如何创建只在列具有相同值的行子集上完成操作的groupby函数?
因此,在下表中,我希望基于相同的doclist对行进行子集化,然后仅为列“组织”的文档列表子集添加NP和Pr。
Organization NP Pr
0 doclist[0] 0 0
1 doclist[0] 1 0
4 doclist[1] 1 0
5 doclist[4] 1 0
6 doclist[4] 0 1
想在下面使用.apply() - 还是有更好/更有效的方式?
Organization NP Pr Sum
0 doclist[0] 0 0 1
1 doclist[0] 1 0 1
4 doclist[1] 1 0 1
5 doclist[4] 1 0 2
6 doclist[4] 0 1 2
答案 0 :(得分:4)
我想看看groupby
,我认为 - "仅对其中一列"具有相同值的行进行操作。
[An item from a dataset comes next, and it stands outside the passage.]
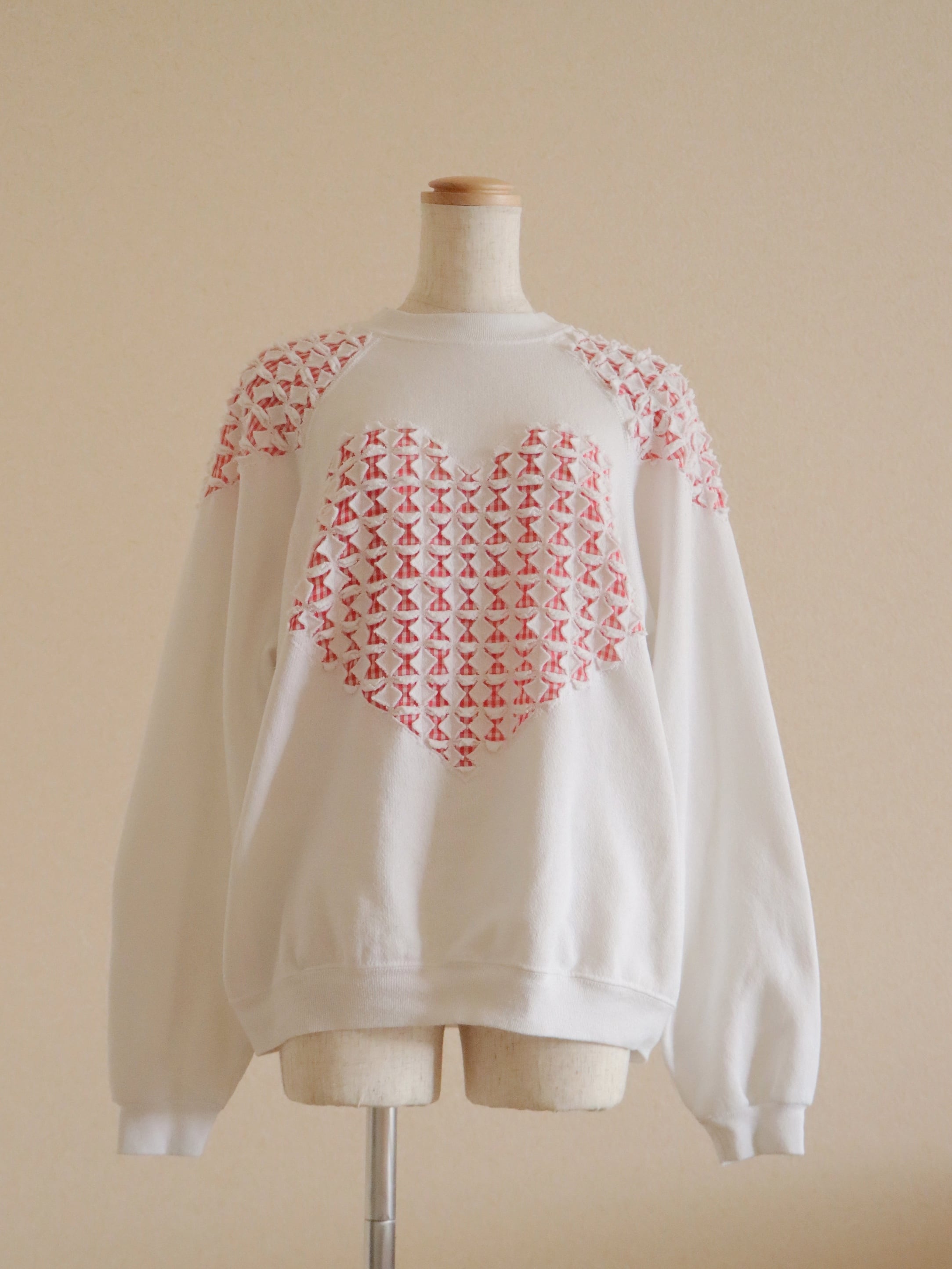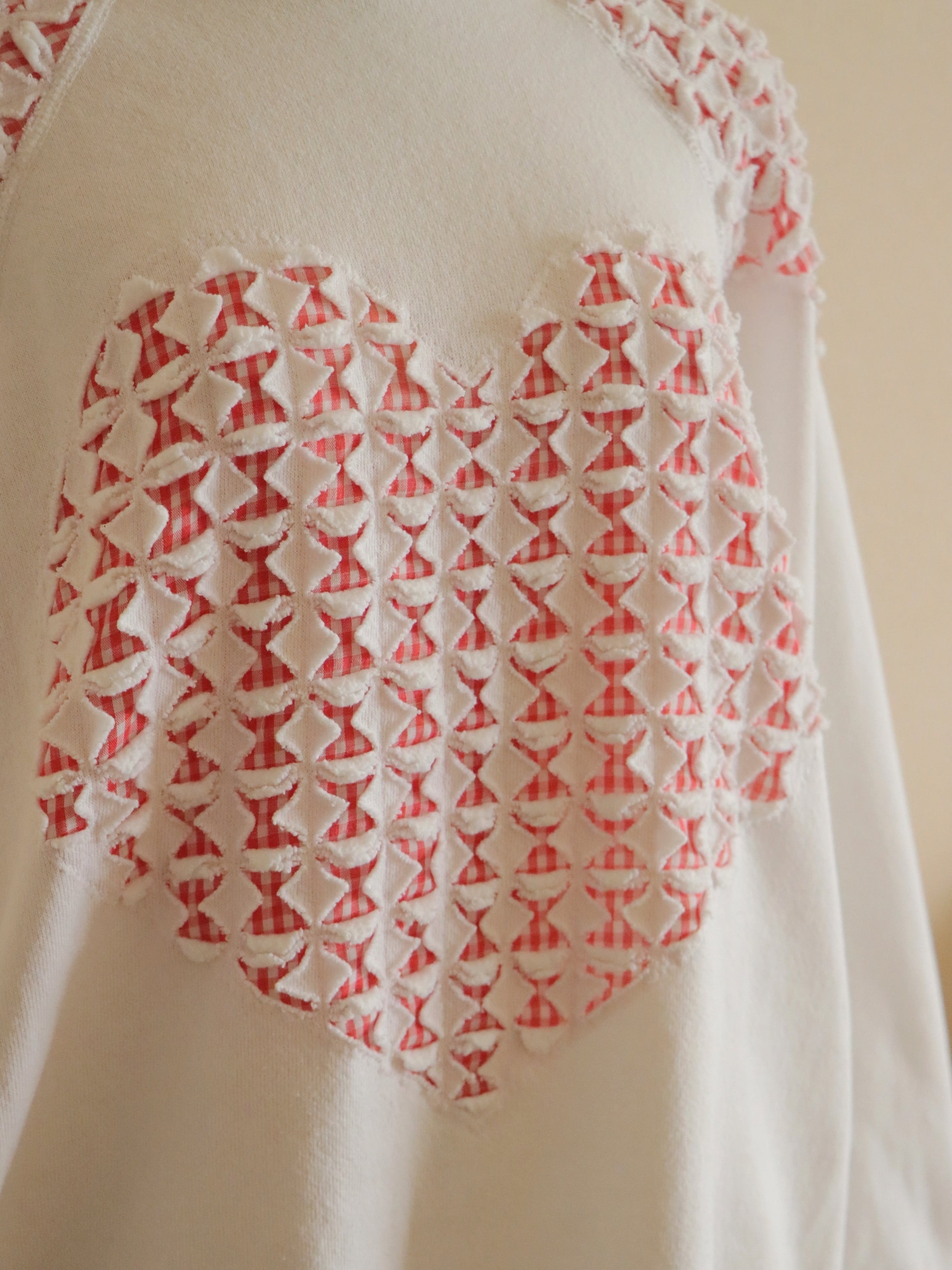 繊細なカットワークの中からちらっと覗くギンガムチェックが可愛い、90sのUSA製デザインスウェット。

部分 - 因为看起来你希望每一行得到适当的总和,我想你想在那上面调用.transform
。 transform
"广播"分组值直到完整的数据帧。
df["Sum"] = (df["NP"] + df["Pr"]).groupby(df["Organization"]).transform("sum")
例如:
>>> df
Organization NP Pr
0 doclist[0] 0 0
1 doclist[0] 1 0
4 doclist[1] 1 0
5 doclist[4] 1 0
6 doclist[4] 0 1
[5 rows x 3 columns]
>>> df["Sum"] = (df["NP"] + df["Pr"]).groupby(df["Organization"]).transform("sum")
>>> df
Organization NP Pr Sum
0 doclist[0] 0 0 1
1 doclist[0] 1 0 1
4 doclist[1] 1 0 1
5 doclist[4] 1 0 2
6 doclist[4] 0 1 2
[5 rows x 4 columns]
答案 1 :(得分:2)
可能有一种更有效的方法,(并且你可以更可读地写出来)但你可以总是这样做:
import pandas as pd
org = ['doclist[0]', 'doclist[0]', 'doclist[1]', 'doclist[4]', 'doclist[4]']
np = [0, 1, 1, 1, 0]
pr = [0, 0, 0, 0, 1]
df = pd.DataFrame({'Organization':org, 'NP':np, 'Pr':pr})
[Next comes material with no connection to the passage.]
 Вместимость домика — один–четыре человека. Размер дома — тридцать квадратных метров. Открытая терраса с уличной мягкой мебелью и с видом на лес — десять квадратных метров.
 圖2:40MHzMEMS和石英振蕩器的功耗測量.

# Make a "lookup" dataframe of the sums for each category
# (Both the "NP" and "Pr" colums of "sums" will contain the result)
sums = df.groupby('Organization').agg(lambda x: x['NP'].sum() + x['Pr'].sum())
# Lookup the result based on the contents of the "Organization" row
df['Sum'] = df.apply(lambda row: sums.ix[row['Organization']]['NP'], axis=1)
这是不可读的,所以用这种方式写它可能会更清楚一点:
import pandas as pd
org = ['doclist[0]', 'doclist[0]', 'doclist[1]', 'doclist[4]', 'doclist[4]']
np = [0, 1, 1, 1, 0]
pr = [0, 0, 0, 0, 1]
df = pd.DataFrame({'Organization':org, 'NP':np, 'Pr':pr})
# Make a "lookup" dataframe of the sums for each category
lookup = df.groupby('Organization').agg(lambda x: x['NP'].sum() + x['Pr'].sum())
# Lookup the result based on the contents of the "Organization" row
# The "lookup" dataframe will have the relevant sum in _both_ "NP" and "Pr"
def func(row):
org = row['Organization']
group_sum = lookup.ix[org]['NP']
return group_sum
df['Sum'] = df.apply(func, axis=1)
顺便说一句,@ DSM似乎是一种更好的方法。